Cheers to all--especially those who aren't feeling so well these days. I'm thinking of you. --bb


  1.'re back! :) All is right in the world, now that you are (almost) in Harnas again, and beginning once more to blog about your time there. Keeping my fingers crossed that your stuff finds its way to you very soon.....

  2. Hi, dear Bobbie, glad that you made it to UZURI;
    Say Hallo to Lolita, the dogs and my cats, ..
    If you need additional cloth, we have a big bag (a blue Australian - like Paper - bag) full of shirts, trousers, etc. take what you need, all clean (of course) - even Willis shirts :-)))
    It's under the bench in their television room....
    Good luck, LOVE, Cornelia + Willi

  3. Good morning how are you?

    My name is Emilio, I am a Spanish boy and I live in a town near to Madrid. I am a very interested person in knowing things so different as the culture, the way of life of the inhabitants of our planet, the fauna, the flora, and the landscapes of all the countries of the world etc. in summary, I am a person that enjoys traveling, learning and respecting people's diversity from all over the world.
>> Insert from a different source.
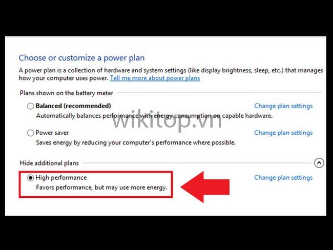 Bước 3: Cuối cùng chọn High performance, là Anh/chị đã hoàn thành cách sử dụng tính năng Power Options.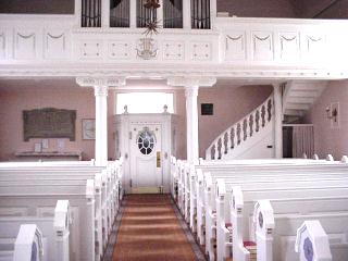 Der Aufgang über die Holztreppe zur Empore und zur Orgel ist ebenfalls weiß gestrichen. So wird der Besucher von jedem Platz im Kirchenschiff von der weißen Farbgebung beeindruckt.

    I would love to travel and meet in person all the aspects above mentioned, but unfortunately as this is very expensive and my purchasing power is quite small, so I devised a way to travel with the imagination in every corner of our planet. A few years ago I started a collection of letters addressed to me in which my goal was to get at least 1 letter from each country in the world. This modest goal is feasible to reach in the most part of countries, but unfortunately it’s impossible to achieve in other various territories for several reasons, either because they are countries at war, either because they are countries with extreme poverty or because for whatever reason the postal system is not functioning properly.
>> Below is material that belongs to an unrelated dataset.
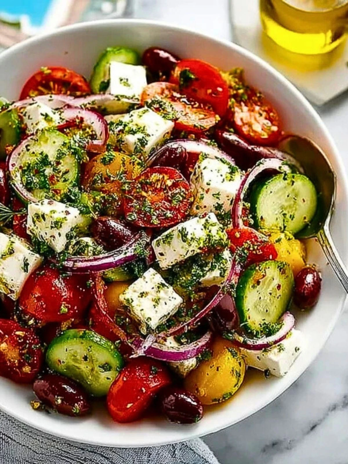 The Authentic Mediterranean Greek Salad is more than just a side dish—it’s a flavor-packed journey to the Aegean coast. Quick to prepare and endlessly refreshing, this salad is your perfect answer to warm weather cravings or light, wholesome meals. Keep it simple, use the best ingredients you can find, and let each bite transport you straight to a sun-drenched Greek taverna.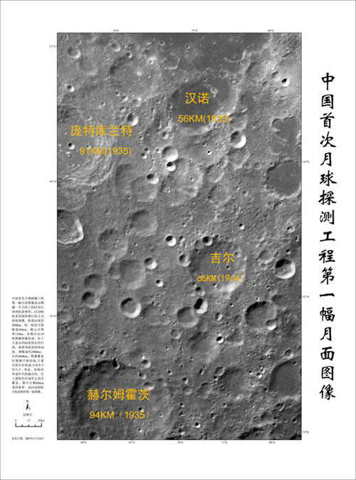如果要獲取全月面的二維平面圖,則需利用激光高度計的探測數(shù)據(jù)來補充和融合,這樣,首幅全月面二維平面圖最早可望在2008年12月制作出來。同樣,首幅全月面三維立體圖的制造則需更長的時間。

    For all this I would ask you one small favour:
    Would you be so kind as to send me a letter by traditional mail from Namibia? I understand perfectly that you think that your blog is not the appropriate place to ask this, and even, is very probably that you ignore my letter, but I would call your attention to the difficulty involved in getting a letter from that country, and also I don’t know anyone neither where to write in Namibia in order to increase my collection. a letter for me is like a little souvenir, like if I have had visited that territory with my imagination and at same time, the arrival of the letters from a country is a sign of peace and normality and a original way to promote a country in the world. My postal address is the following one:

    Emilio Fernandez Esteban
    Calle Valencia, 39
    28903 Getafe (Madrid)

    If you wish, you can visit my blog, where you can see the pictures of all the letters that I have received from whole World.

    Finally I would like to thank the attention given to this letter, and whether you can help me or not, I send my best wishes for peace, health and happiness for you, your family and all your dear beings.

    Yours Sincerely

  4. "Received first blog entry...a-ok"

    That's from my Dad, he really enjoyed hearing this. Hope you're having a great time, sorry about your bags!